Match correct T.S. to your application.
<<<<<Tensile Strength…What's in it for you?
You may have already noticed that the higher the tensile strength rating of a chain, the progressively higher price tag it carries. That has to do with the costs of the component raw materials used in the chain, the manufacturing costs, heat-treating processes, the price of a barrel of Arabian crude oil, etc., etc., etc. The real question is…
"Why should you pay for a higher Tensile Strength chain?"
Here are the Main Benefits of Higher T.S.…. The useful life of any chain directly relates to the tensile strength number. The higher the number, the longer the chain will last, under the same conditions.
The higher the tensile rating, the less the chain will stretch and consequently, the less maintenance required to adjust out the resulting slack.
The greater the tensile strength the more ability the chain has to resist damage caused by shock loads imposed by hi-impact events in the drive train such as dumping the clutch at 12,000 rpm….landing full power-on from a triple…operating the drive system with excessive chain slack or loose sprocket bolts.

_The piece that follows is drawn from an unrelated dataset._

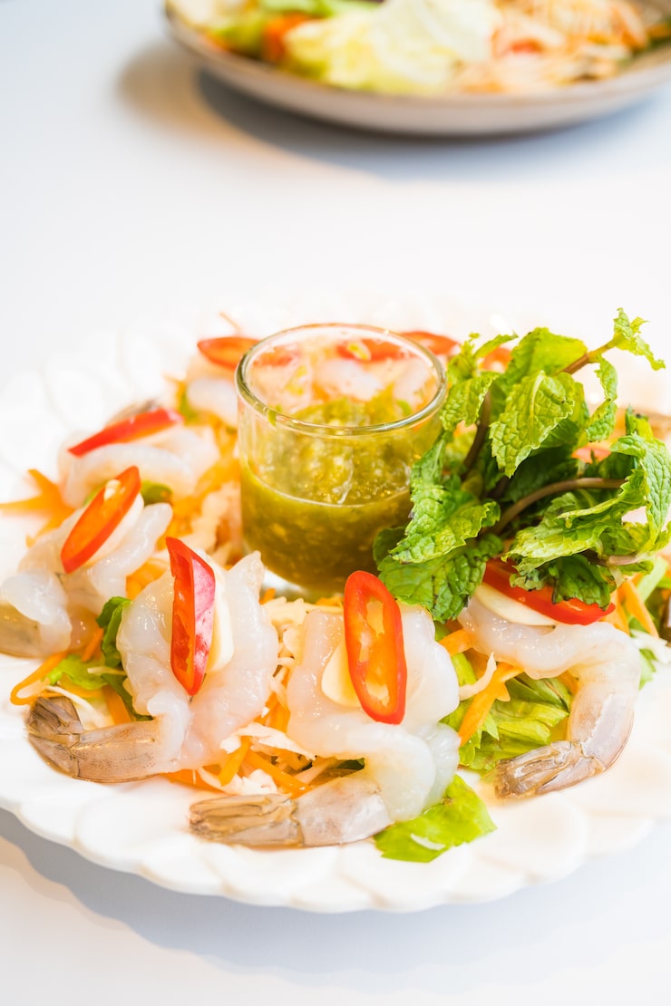 Разложите отварные креветки поверх салата и полейте соевым соусом и маслом. Добавьте перец и соль по вкусу.

Here is the most overlooked, hidden benefit of high tensile: If you ride off-road, the eventual day will come when a rock of just the right size and shape finds its way in between a chain roller and a sprocket tooth. The higher the chains' tensile, the better your odds that the rock loses the contest and gets pulverized. You won't even know it happened. A lower tensile chain has a greater probability of losing the battle to the rock and the chain breaks apart.
So…. What should you buy?
The real questions you should be asking yourself………..and answer…..…are.........
1-How long are you keeping your Bike?
2-Do you like regularly adjusting greasy drive chains?
3-Do you enjoy gambling on unexpected breakdowns due to chain failure?
Category "One" Rider / Mechanic
If you are selling your machine soon, don't mind the hassle of constant chain adjustments or consider trail side emergency repairs a fun adventure…then your choice will be the lowest T.S. chain which will also be the cheapest to buy. However, it may prove much more expensive if it fails and takes out the motor cases or rear hub. But you have to be willing to take that gamble in the first place.
Category "Two" Rider / Mechanic
If you are keeping your bike for years; harbor a true disdain for adjusting chains; or prefer to limit your risks to Friday night poker or the madman next to you in a tight turn at speed…then your choice is clear…purchase well above the recommended minimum and get the highest T.S. chain you can fit into your budget…>>>>>
We're not talking a lot of $$ here either.
Even a real nice non o-ring standard chain with good tensile #'s is only $100-150, depending on what brand you like.